Debatable Validations[]

  • He has a Rubik's complex, where oftentimes he is more interested in solving a patient’s case than saving their lives. House's sole focus is obtaining a diagnosis, an answer to the puzzle; with life-saving being a part of the job. Even post-mortem, House performs autopsies just to get his answer. However, after getting his answer, House will always advocate for the patients to receive the best possible treatment for their conditions.
  • His medical practices are often illegal but with good intentions. However, there are some disastrous consequences when they backfire:
    • He and his colleagues frequently break-and-enter into patients’ homes to search for environmental causes or background information.
      • One time however, nearly killed his employee, Eric Foreman, when he broke into Joe Luria’s biohazardous apartment and was exposed to Naegleria (brain-eating amoebas).
    • He often violates or manipulates patient consent, although it is so he can diagnose/save them: Like when he violated a DNR so he could cure the patient's paralysis, or repeatedly saves a suicidal patient and eventually cures him of his chronic pain.
      • While less often, there are times where this backfires and exacerbates a patient’s condition, sometimes even lethally.
  • He stalked Philip Weber, a former Med-School classmate's career for 20 years to get revenge on Weber getting House expelled for cheating on an exam. House got his revenge when he exposed Weber's migraine prevention drug to be fake by testing it on himself. While it was for selfish reasons, House did expose Philip's scam and prevented the latter from making millions off a fake drug. Justifying it with "I cheated then, you're cheating now."
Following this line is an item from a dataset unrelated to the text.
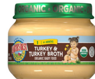
Turkey & Turkey Broth
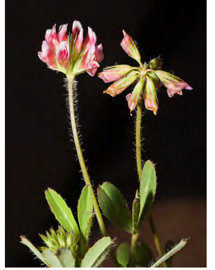
DECEIVING CLOVER (Trifolium bifidum var. decipiens) Native Annual - Pea Family -(Apr–Jun) - Open, grassy areas, forest - Leaflet tip square/notched. Flower small, yellow to pink-purple, soon reflex. Flower stalk top sparsely hairy.

What Makes Him Admirable?[]

  • Despite his dominant negative and nihilistic personality, House often uses it as defense mechanism to avoid being hurt; and he can be sincere and caring.
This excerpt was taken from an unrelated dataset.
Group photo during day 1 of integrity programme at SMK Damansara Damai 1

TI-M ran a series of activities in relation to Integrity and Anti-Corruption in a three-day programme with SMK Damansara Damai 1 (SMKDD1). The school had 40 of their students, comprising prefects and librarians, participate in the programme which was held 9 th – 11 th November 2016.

  • He has a rocky yet genuine friendship with James Wilson. House recognizes him as his best and only friend, with the two supporting each other during their hardships. Despite House’s general abuse and immaturity, he ultimately cares for Wilson and was devastated by Wilson’s cancer diagnosis. By the end of it, he sacrificed his career and identity just so he could be with Wilson.
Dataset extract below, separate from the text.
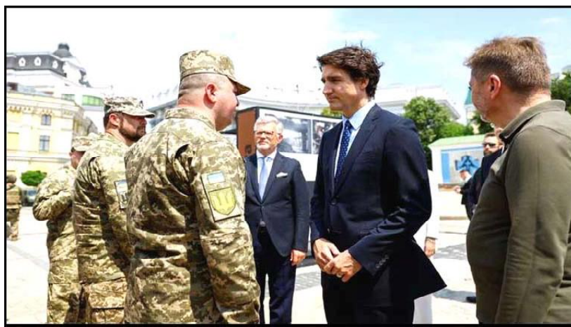
Canada's Trudeau visits war-time Kyiv, announces military aid

reconnection of Russian Agricultural Bank (Rosselkhozbank) to the SWIFT international payment system. While Russian exports of food and fertilizer are not subject to Western sanctions, Moscow says restrictions on payments, logistics and insurance have amounted to a barrier to shipments. Russia's foreign ministry said in a statement that U.N. representatives' attention was drawn to obstacles facing Russian agricultural producers and suppliers. "(They) are still forced to overcome numerous restrictions and barriers provoked by illegal anti-Russian sanctions associated with bank payments.

  • Comforts Cameron when she tells him about her husband who died of cancer.
  • Despite his estranged relationship with his abusive father, House does openly love his mother and refuses to lie to her.
  • He regretted pushing Stacy away and nearly reconnected with her. However, he put his feelings aside and allowed her to move on to be with her new husband.
  • After Wilson discovered his wife had an affair, House allowed him to stay in his house.
  • He felt remorse over indirectly causing Amber’s death and tried everything he could to save her. When he couldn’t, House was traumatized by her death.
  • He was disturbed by Kutner’s suicide to point of obsession, believing he could’ve prevented it.
  • When he finds a rat in Stacy’s attic with abnormal behavior, he diagnoses the rat and cures it. He later adopts the rat as his new pet, Steve Mcqueen.
  • He consoles Cameron after she euthanizes the terminal Ezra Powell.
  • He was the only one able to understand an autistic boy, eventually allowing House to cure him.
  • Forces Wilson to leave the room as he kills a patient to protect him from potential legal ramifications.
  • He empathizes with a rape victim and opens up about his abusive dad to help her move on from her trauma.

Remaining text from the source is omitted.